FEATURED IN LEADERSHIP
The Occupy movement that began on Wall Street and swept across the country has presented a variety of challenges to law enforcement. A mixture of well-meaning citizens and radicals looking for a fight, the groups have confounded more than a few departments as civil liberties run up against legitimate public safety concerns.
Even if your area hasn’t been impacted, there’s a lot to be learned from these protests.
1. Social Media Is a Game Changer
Social media has enabled protestors to organize large groups with little or no advance notice. Such online organization is here to stay, so if your agency isn’t actively engaged with social media, you’re working at a distinct disadvantage. Forward-thinking departments are actively engaged and communicating through all means possible. Remember: Social media postings to organize protesters are made in the open, which means you can be involved and informed as events are coming together. To quickly get up to speed, I strongly recommend you check out the great tips offered by Lauri Stevens, a social media guru. You can find her articles at www.LawOfficer.com/authors/lauri-stevens.
2. The Whole World Is Watching
A day before I wrote this, the news was alive with the story of a well-dressed journalist on her way to an evening function. While walking down a sidewalk in the middle of an Occupy protest, she was confronted by a police officer. Without debating what happened next (the accounts vary), the correspondent ended up on her way to jail instead of the planned engagement.
I understand that a reporter going to jail probably warms some hearts among our audience, but there’s a price to pay when something like this happens. Keep in mind that everyone has a cell phone and therefore the ability to take photos and/or videos for worldwide distribution. Any officer who goes on the street thinking they can act with impunity is on a fool’s mission. Remember the way your thought process changed when you knew there was a video camera in your patrol unit? Well, that’s exactly the policing mindset you need everywhere today.
(Note: If you’re thinking that you’ll confiscate the camera or cell phone, you should probably get another plan.
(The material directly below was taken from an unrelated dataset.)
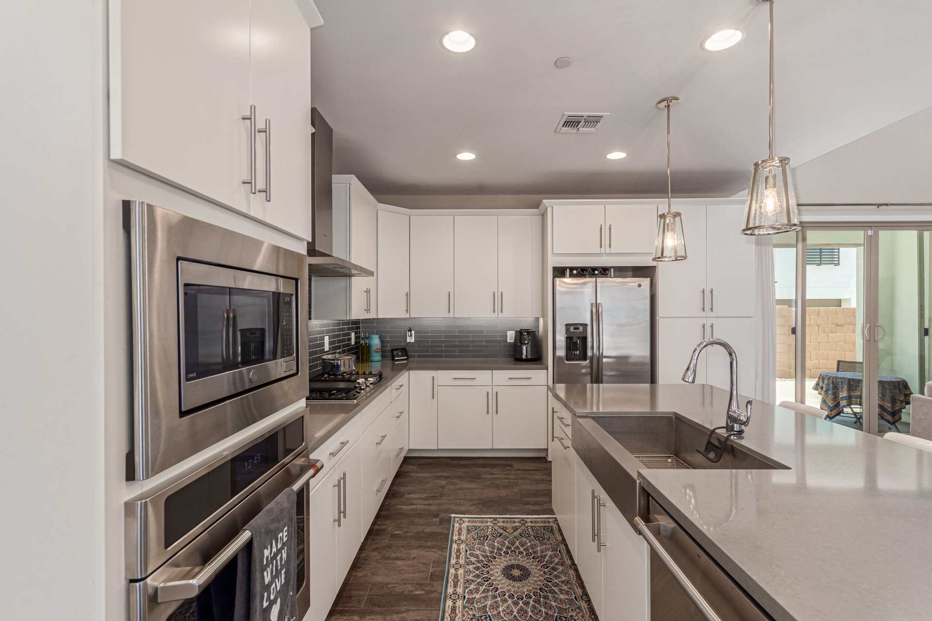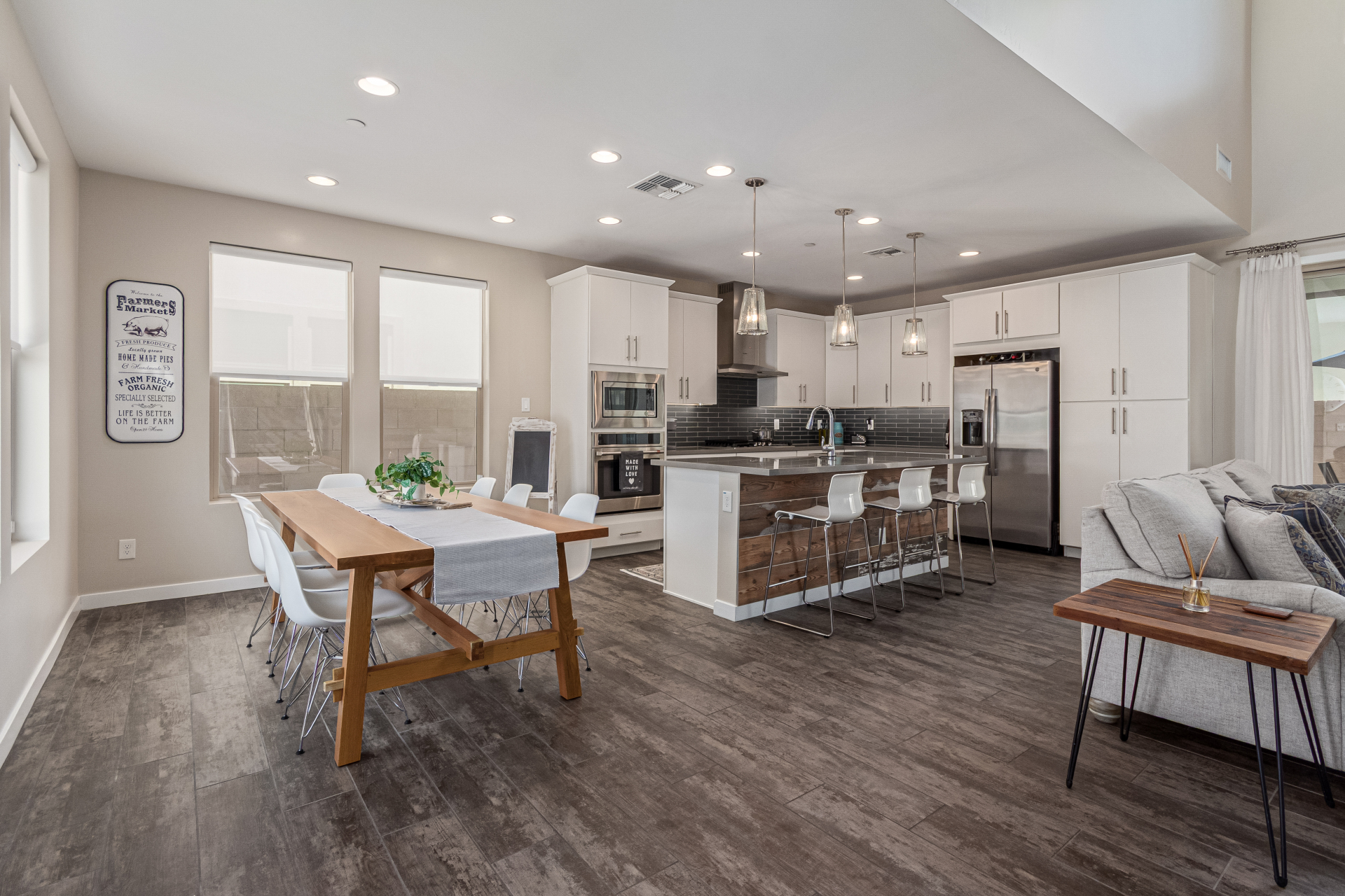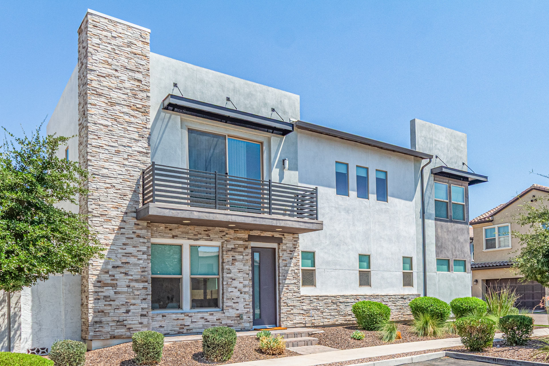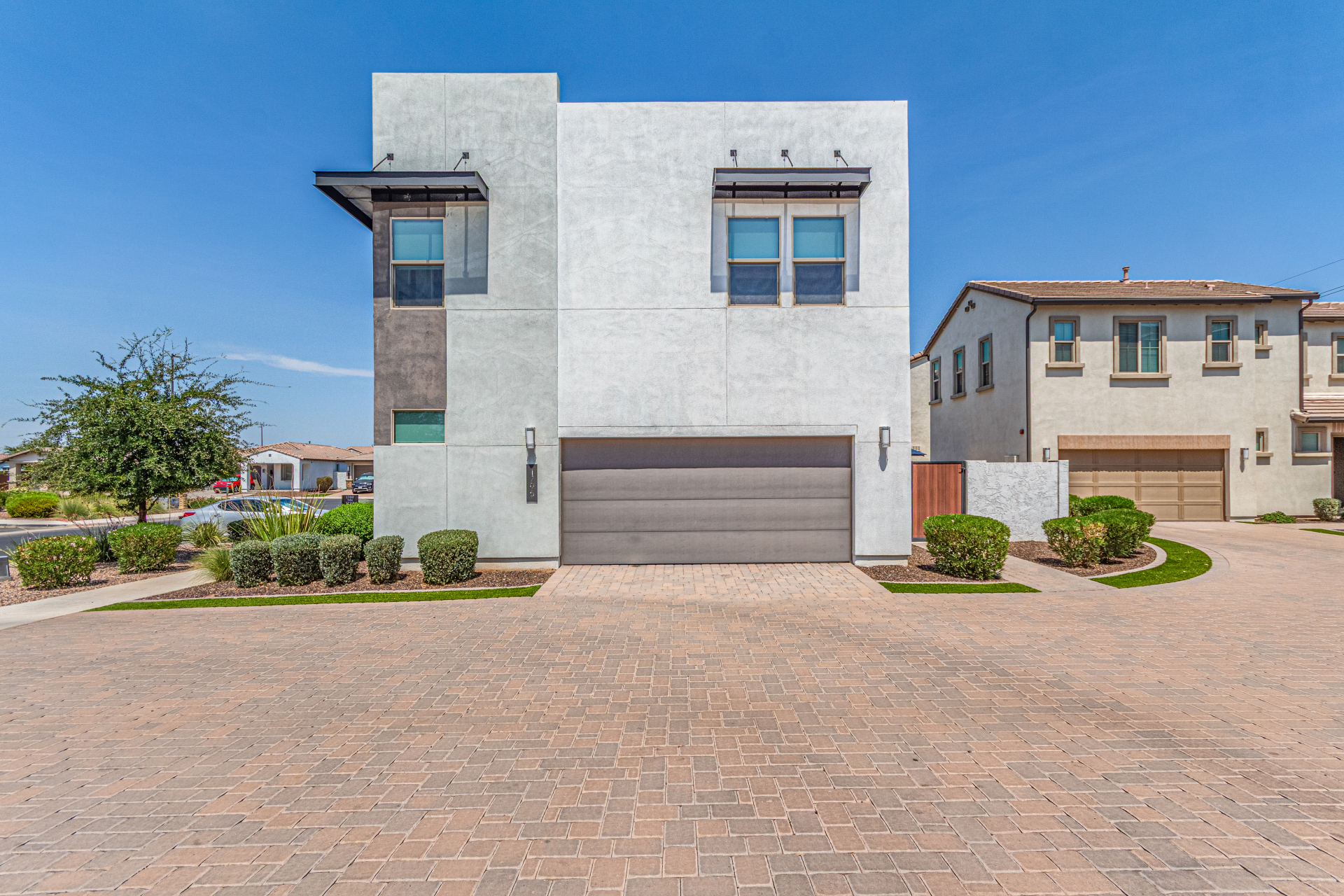 Stunning contemporary home. Open concept floor plan. Soaring ceiling. Gourmet kitchen, large island, quartz countertops, stainless steel appliances, gas cooktop, high profile vent-hood. Wood-plank-tile flooring at entire main level. Private primary suite with gorgeous shower, balcony.

Some cops have found themselves on the wrong end of a lawsuit when they do this. For some legal insight, take a look at November's Legal Eagle.)
3. Failing to Plan Is Planning to Fail
So what do you do if several hundred uninvited overnight guests show up in the center of your downtown with no intention of leaving? Demonstrations can be political flashpoints. Some city leaders have chosen to embrace these groups, while others have tried various forms of eviction. A few have started with a welcome sign and then tried to change it to “no vacancy.” Unfortunately, it’s the street cops who get caught in the middle. If you’re in charge, get a read on the political climate ahead of time and then plan accordingly.
4. It’s Time for Policing, Not Politics
Hopefully, every cop knows that you sometimes have to put aside your personal feelings. Regardless of how much you may empathize with or outright despise those who are demonstrating, your fundamental obligation is to uphold the Constitution and protect the basic rights of everyone, even those with whom you might disagree. If it means protecting the protestors, do so. If it means clearing a path for the public and making some arrests, then do it in a way that leaves no room for questioning your motivation.
5. Engage & Educate
Assign someone with good communication skills (and a lot of common sense) to interact with the protest leaders as early as possible. Believe it or not, many of them understand that law enforcement has a legitimate role and they (the protestors) want to know what the “rules of the game” are. No one is more experienced with protests than the U.S. Park Police, and they make it a practice of establishing clear lines of communications before an event even unfolds—something that happens several dozen times every year in D.C.
The takeaway: Develop intelligence. Get legal guidance. Check your equipment and practice crowd-control techniques. Finally, act as if you’re always going to show up on the nightly news—and there won’t be any surprises when you do.